## WORK ITEM
Set down, exactly as written, the lines from the top of the data to the line that holds "August 29, 2025.", and omit the pictures.

(Records contained in a dataset)

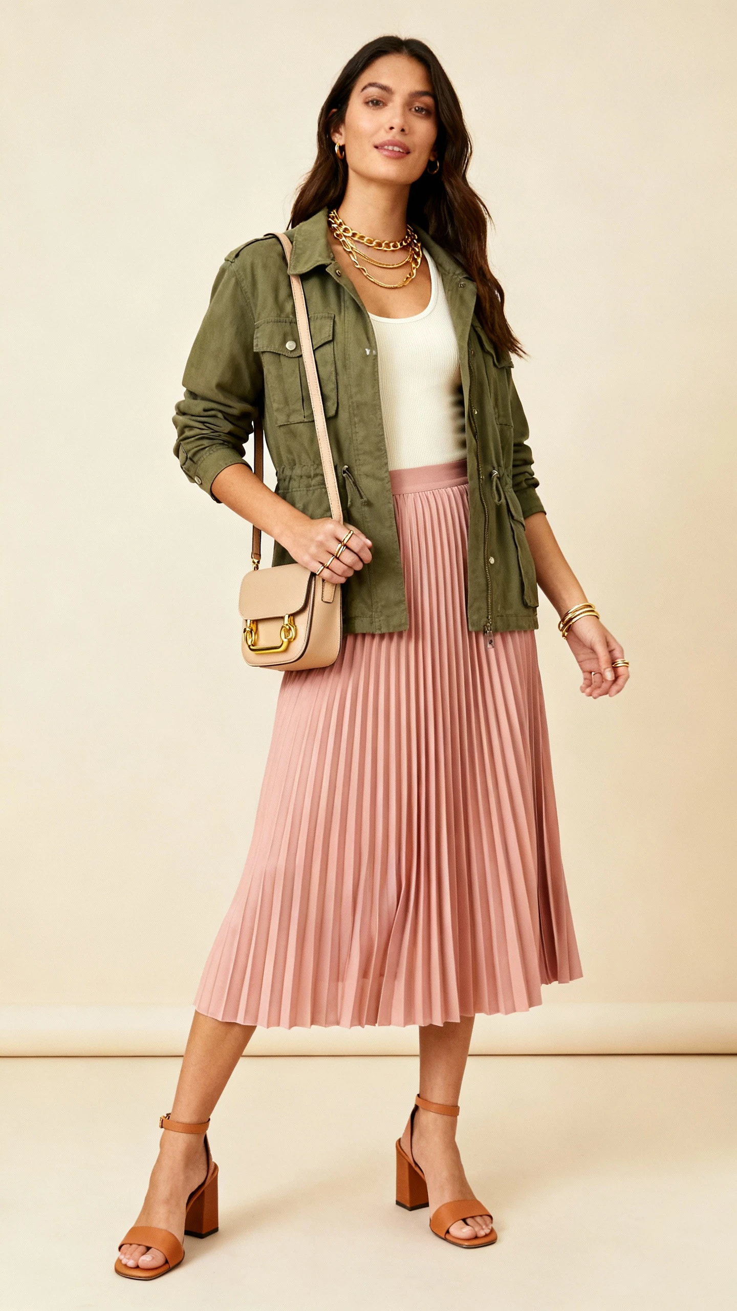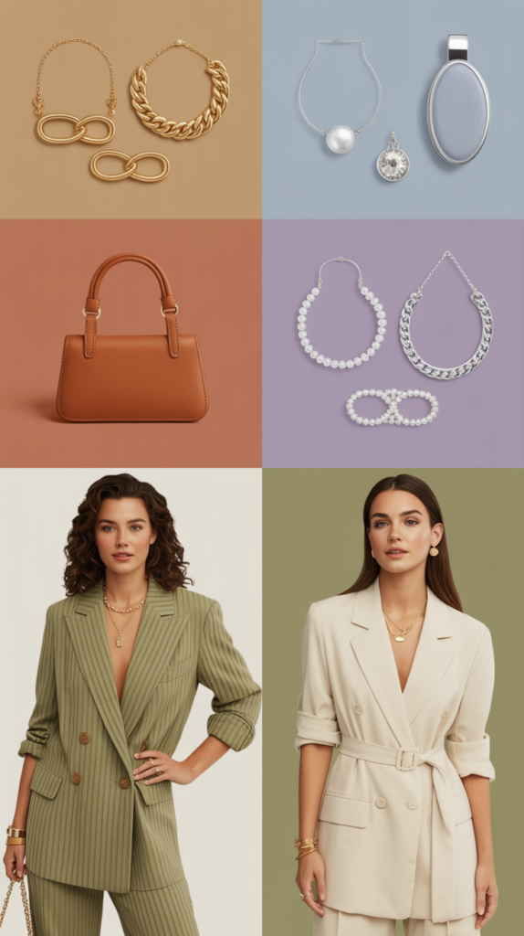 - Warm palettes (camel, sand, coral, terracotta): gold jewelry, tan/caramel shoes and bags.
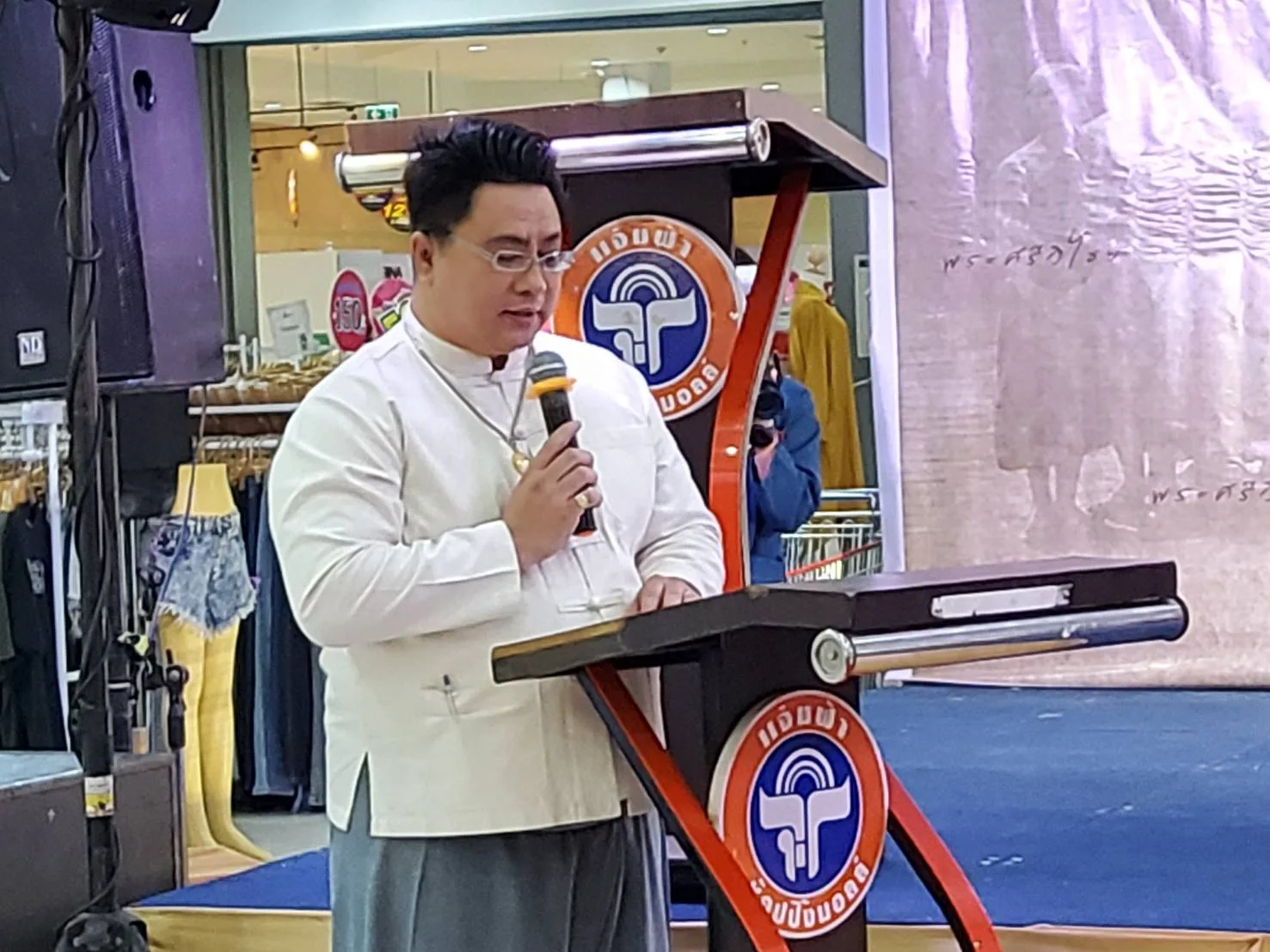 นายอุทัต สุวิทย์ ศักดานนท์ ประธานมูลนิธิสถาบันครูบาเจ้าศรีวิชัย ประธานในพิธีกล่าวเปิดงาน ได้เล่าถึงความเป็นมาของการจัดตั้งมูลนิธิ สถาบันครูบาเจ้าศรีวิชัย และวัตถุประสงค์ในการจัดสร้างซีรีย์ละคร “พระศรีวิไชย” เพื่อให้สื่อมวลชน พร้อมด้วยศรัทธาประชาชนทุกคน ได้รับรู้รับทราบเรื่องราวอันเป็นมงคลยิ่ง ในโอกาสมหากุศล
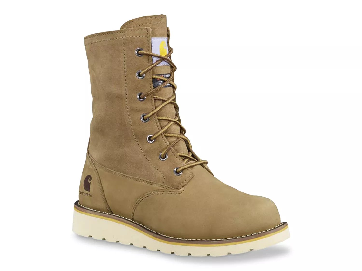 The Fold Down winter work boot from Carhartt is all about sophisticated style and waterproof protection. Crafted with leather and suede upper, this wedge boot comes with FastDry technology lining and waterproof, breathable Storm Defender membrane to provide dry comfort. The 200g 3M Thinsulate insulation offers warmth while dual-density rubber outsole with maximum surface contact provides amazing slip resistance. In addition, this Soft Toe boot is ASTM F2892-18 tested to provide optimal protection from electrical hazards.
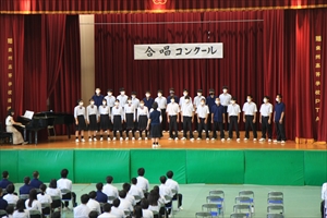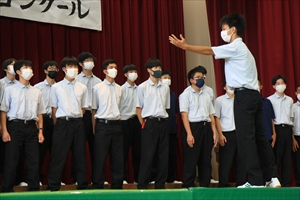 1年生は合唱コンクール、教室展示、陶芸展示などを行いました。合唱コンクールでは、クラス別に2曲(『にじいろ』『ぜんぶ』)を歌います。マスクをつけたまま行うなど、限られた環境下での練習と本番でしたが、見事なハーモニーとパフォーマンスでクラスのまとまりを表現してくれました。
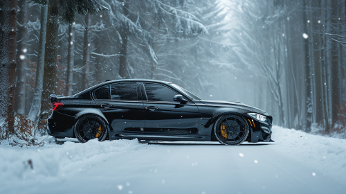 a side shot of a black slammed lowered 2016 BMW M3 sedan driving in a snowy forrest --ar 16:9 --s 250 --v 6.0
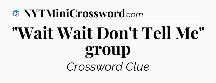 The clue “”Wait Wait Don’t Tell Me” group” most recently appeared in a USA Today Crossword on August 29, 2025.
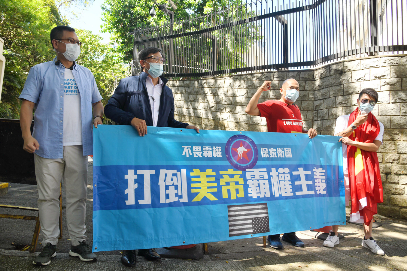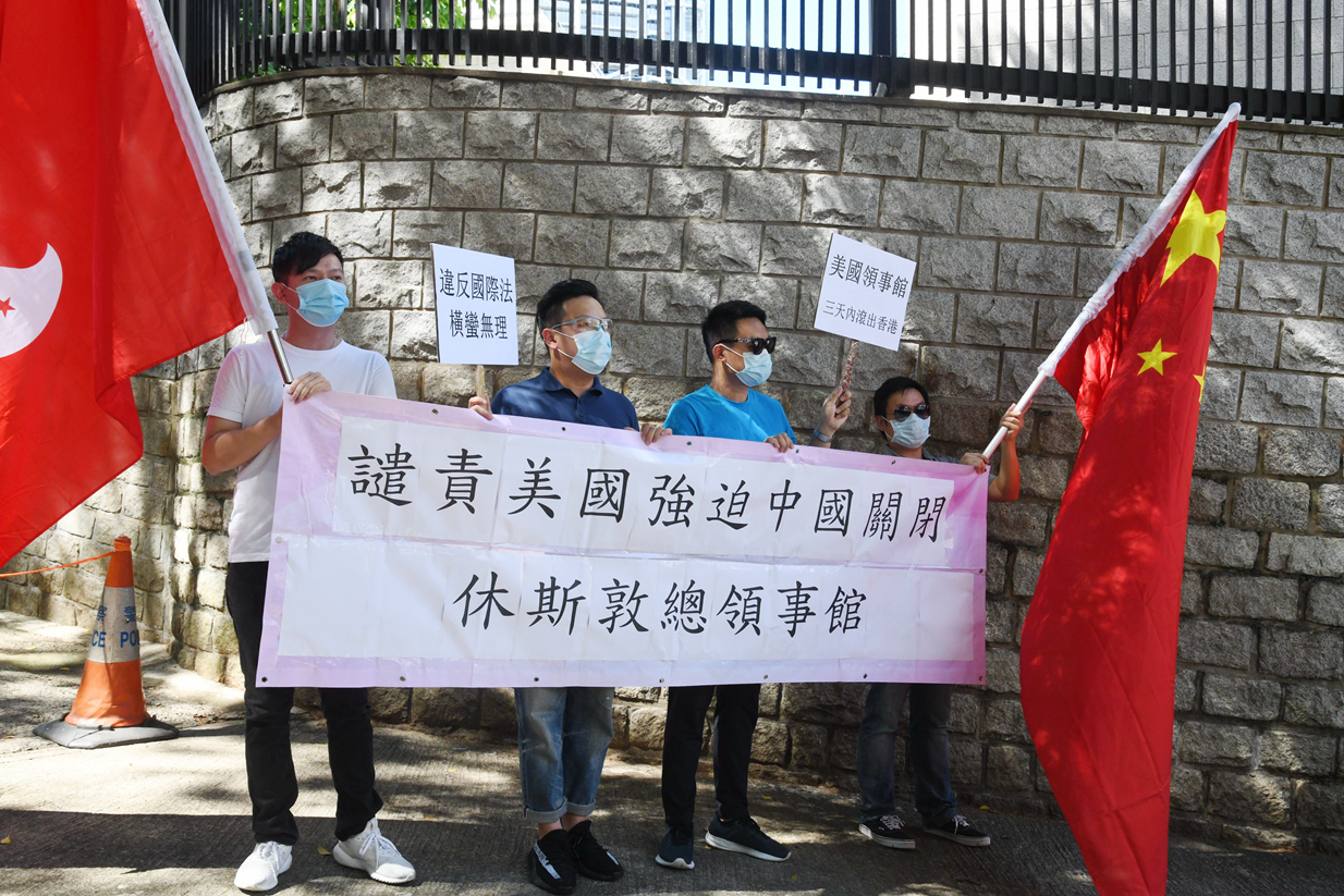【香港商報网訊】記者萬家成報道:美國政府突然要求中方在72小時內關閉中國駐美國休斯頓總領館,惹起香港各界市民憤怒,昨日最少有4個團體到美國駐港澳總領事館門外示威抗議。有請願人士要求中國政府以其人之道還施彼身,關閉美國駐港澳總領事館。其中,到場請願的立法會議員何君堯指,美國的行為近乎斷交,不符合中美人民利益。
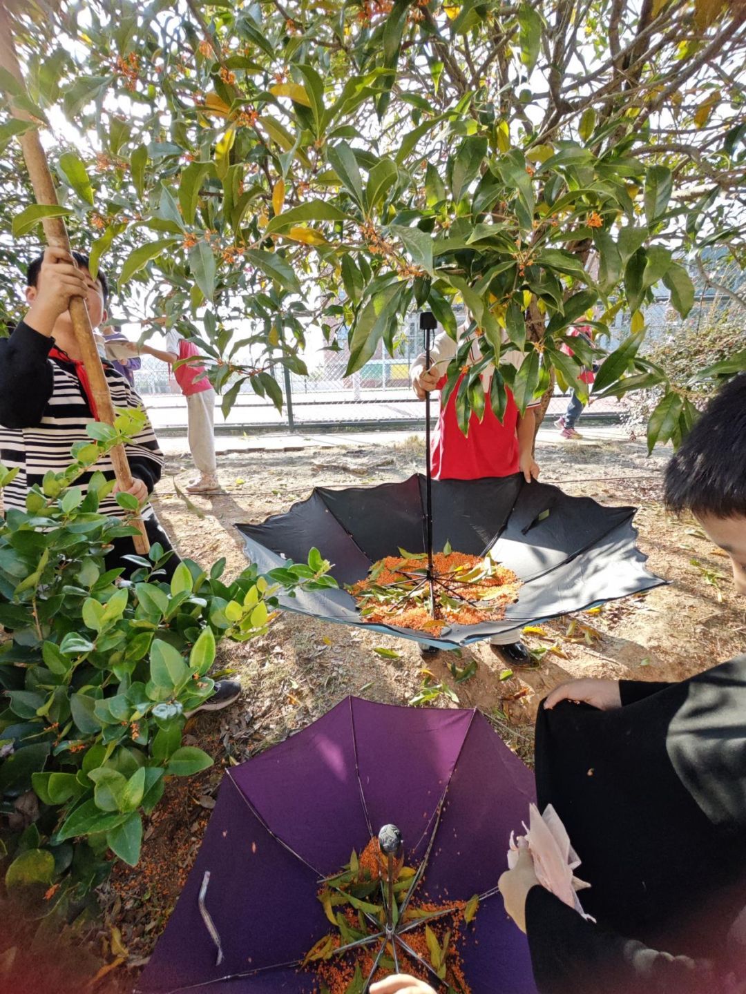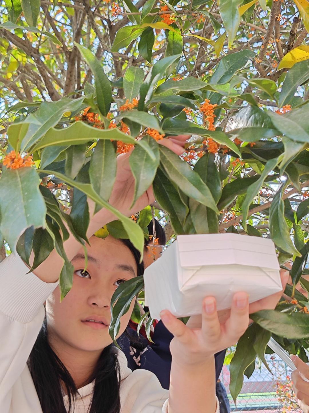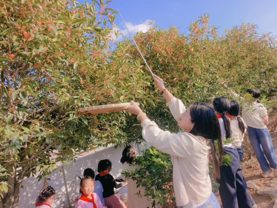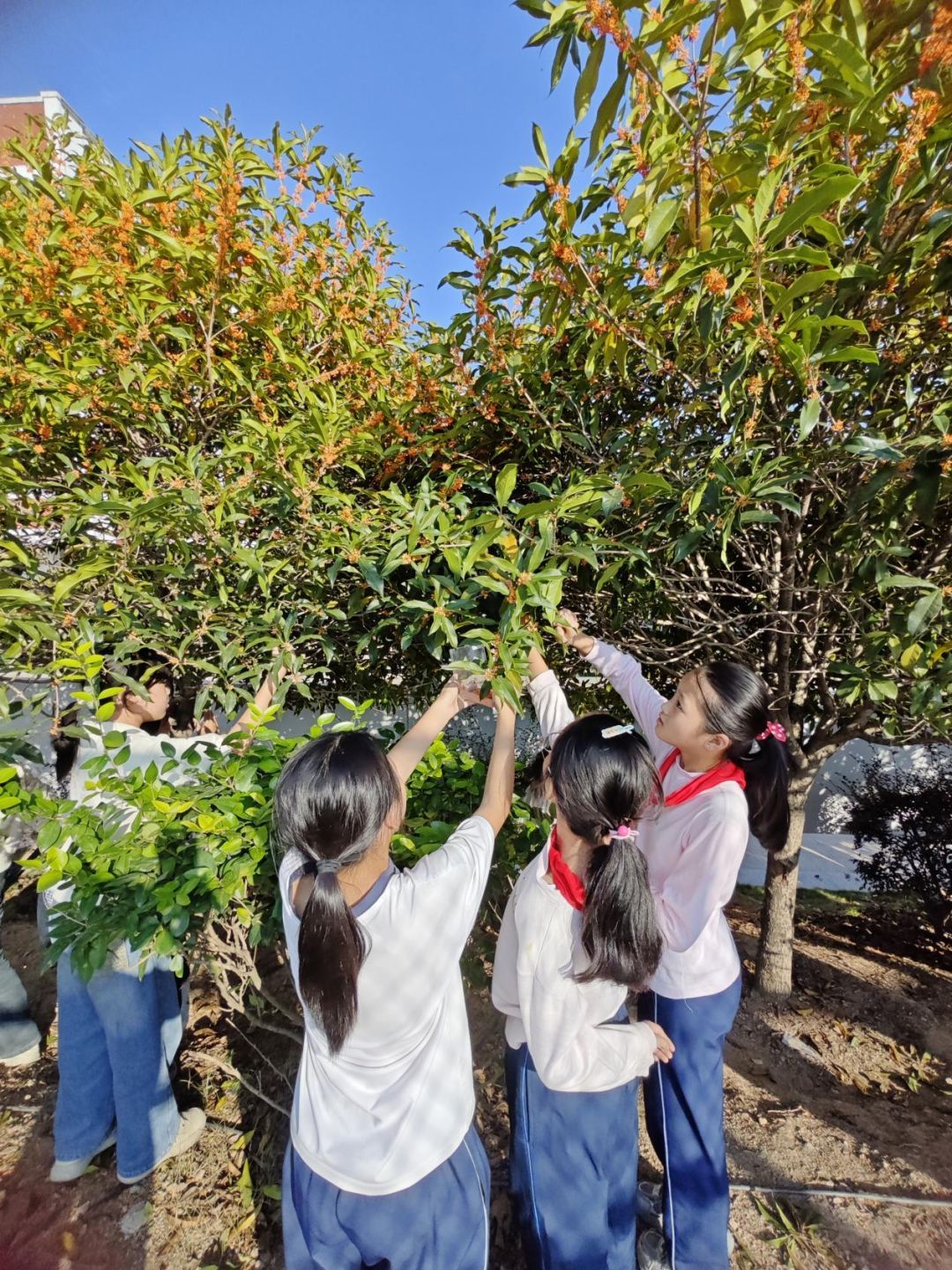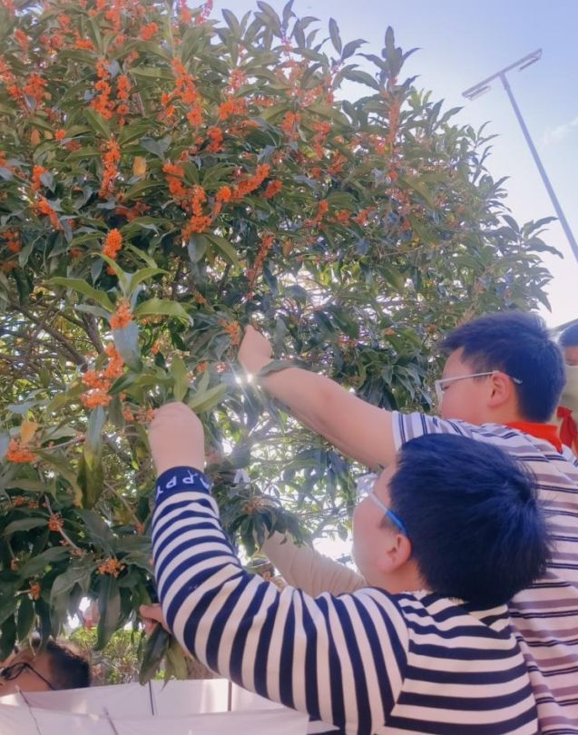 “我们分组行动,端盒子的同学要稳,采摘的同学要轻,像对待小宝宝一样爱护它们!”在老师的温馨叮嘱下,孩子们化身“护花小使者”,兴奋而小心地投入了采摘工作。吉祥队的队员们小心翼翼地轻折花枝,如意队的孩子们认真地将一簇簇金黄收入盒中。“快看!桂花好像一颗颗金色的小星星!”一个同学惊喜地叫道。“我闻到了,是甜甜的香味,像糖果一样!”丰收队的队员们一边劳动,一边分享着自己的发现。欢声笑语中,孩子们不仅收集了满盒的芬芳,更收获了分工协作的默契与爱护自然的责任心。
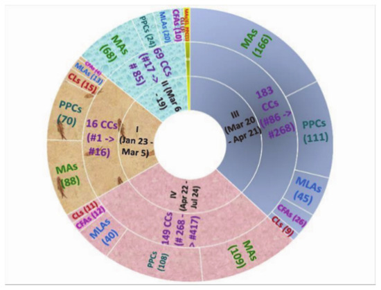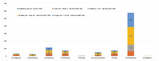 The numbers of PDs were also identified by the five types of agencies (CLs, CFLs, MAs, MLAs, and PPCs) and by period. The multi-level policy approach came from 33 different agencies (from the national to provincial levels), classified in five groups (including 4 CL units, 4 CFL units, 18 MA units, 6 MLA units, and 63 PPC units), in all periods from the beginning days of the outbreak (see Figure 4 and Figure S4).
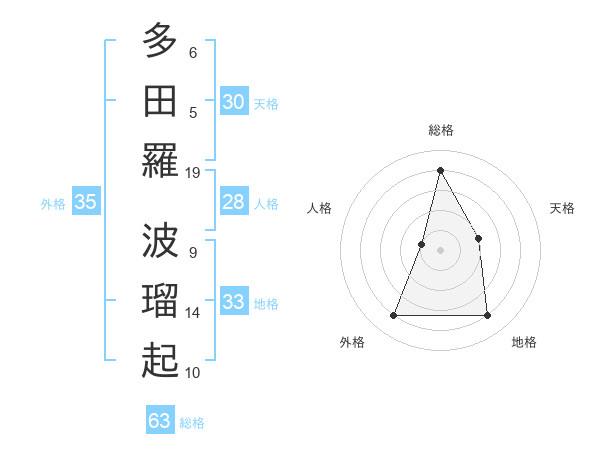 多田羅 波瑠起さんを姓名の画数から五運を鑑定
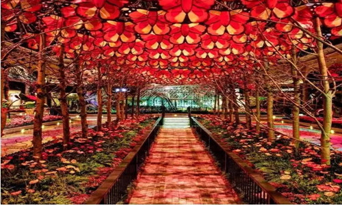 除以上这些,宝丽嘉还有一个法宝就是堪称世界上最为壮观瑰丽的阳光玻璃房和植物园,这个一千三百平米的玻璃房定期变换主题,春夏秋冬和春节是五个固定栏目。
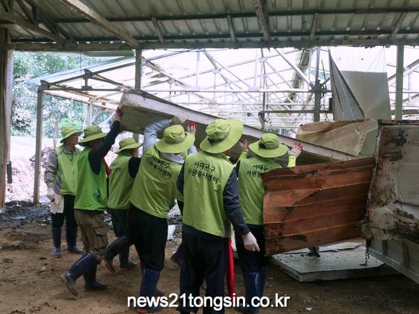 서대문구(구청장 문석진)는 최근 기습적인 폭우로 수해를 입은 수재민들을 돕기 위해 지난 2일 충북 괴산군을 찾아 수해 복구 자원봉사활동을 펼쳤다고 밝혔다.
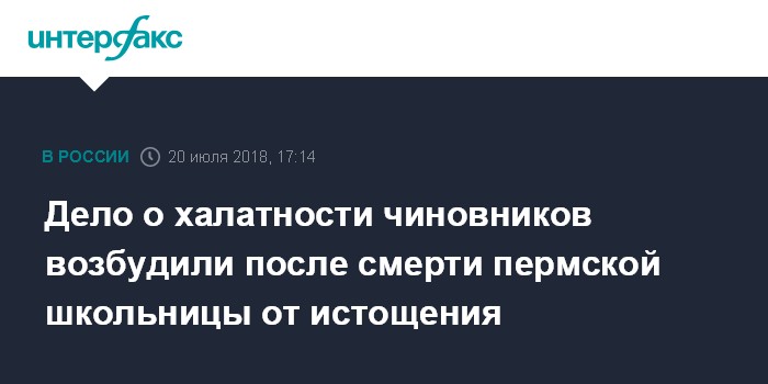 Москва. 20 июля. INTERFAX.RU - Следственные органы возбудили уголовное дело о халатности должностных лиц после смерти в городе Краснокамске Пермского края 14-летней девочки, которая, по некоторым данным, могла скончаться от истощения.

## YOUR SOLUTION
 - Warm palettes (camel, sand, coral, terracotta): gold jewelry, tan/caramel shoes and bags.
 นายอุทัต สุวิทย์ ศักดานนท์ ประธานมูลนิธิสถาบันครูบาเจ้าศรีวิชัย ประธานในพิธีกล่าวเปิดงาน ได้เล่าถึงความเป็นมาของการจัดตั้งมูลนิธิ สถาบันครูบาเจ้าศรีวิชัย และวัตถุประสงค์ในการจัดสร้างซีรีย์ละคร “พระศรีวิไชย” เพื่อให้สื่อมวลชน พร้อมด้วยศรัทธาประชาชนทุกคน ได้รับรู้รับทราบเรื่องราวอันเป็นมงคลยิ่ง ในโอกาสมหากุศล
 The Fold Down winter work boot from Carhartt is all about sophisticated style and waterproof protection. Crafted with leather and suede upper, this wedge boot comes with FastDry technology lining and waterproof, breathable Storm Defender membrane to provide dry comfort. The 200g 3M Thinsulate insulation offers warmth while dual-density rubber outsole with maximum surface contact provides amazing slip resistance. In addition, this Soft Toe boot is ASTM F2892-18 tested to provide optimal protection from electrical hazards.
 1年生は合唱コンクール、教室展示、陶芸展示などを行いました。合唱コンクールでは、クラス別に2曲(『にじいろ』『ぜんぶ』)を歌います。マスクをつけたまま行うなど、限られた環境下での練習と本番でしたが、見事なハーモニーとパフォーマンスでクラスのまとまりを表現してくれました。
 a side shot of a black slammed lowered 2016 BMW M3 sedan driving in a snowy forrest --ar 16:9 --s 250 --v 6.0
 The clue “”Wait Wait Don’t Tell Me” group” most recently appeared in a USA Today Crossword on August 29, 2025.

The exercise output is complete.